Assigned task:
In the listing that follows, the range to quote begins at the line that has "Tetování zvířata, pes na prsa" and ends after the line that has "1983年1月9日,攻关项目"; quote it verbatim and add nothing.

Exercise input:
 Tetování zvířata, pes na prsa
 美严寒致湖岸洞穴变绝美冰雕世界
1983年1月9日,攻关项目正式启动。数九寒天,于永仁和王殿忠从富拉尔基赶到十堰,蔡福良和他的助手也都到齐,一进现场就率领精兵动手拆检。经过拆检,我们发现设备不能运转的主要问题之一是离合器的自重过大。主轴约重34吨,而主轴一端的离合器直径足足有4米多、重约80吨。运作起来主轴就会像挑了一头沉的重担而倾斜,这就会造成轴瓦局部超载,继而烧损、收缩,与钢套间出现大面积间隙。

==

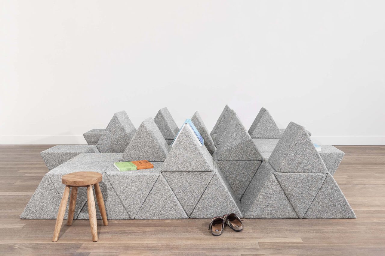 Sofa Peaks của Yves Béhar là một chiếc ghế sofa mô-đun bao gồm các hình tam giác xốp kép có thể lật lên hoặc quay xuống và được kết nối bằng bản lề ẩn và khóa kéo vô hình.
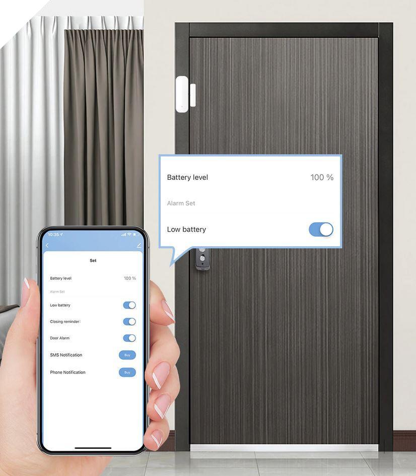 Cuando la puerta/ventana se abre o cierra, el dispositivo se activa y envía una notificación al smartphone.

Response below:
 Tetování zvířata, pes na prsa
 美严寒致湖岸洞穴变绝美冰雕世界
1983年1月9日,攻关项目正式启动。数九寒天,于永仁和王殿忠从富拉尔基赶到十堰,蔡福良和他的助手也都到齐,一进现场就率领精兵动手拆检。经过拆检,我们发现设备不能运转的主要问题之一是离合器的自重过大。主轴约重34吨,而主轴一端的离合器直径足足有4米多、重约80吨。运作起来主轴就会像挑了一头沉的重担而倾斜,这就会造成轴瓦局部超载,继而烧损、收缩,与钢套间出现大面积间隙。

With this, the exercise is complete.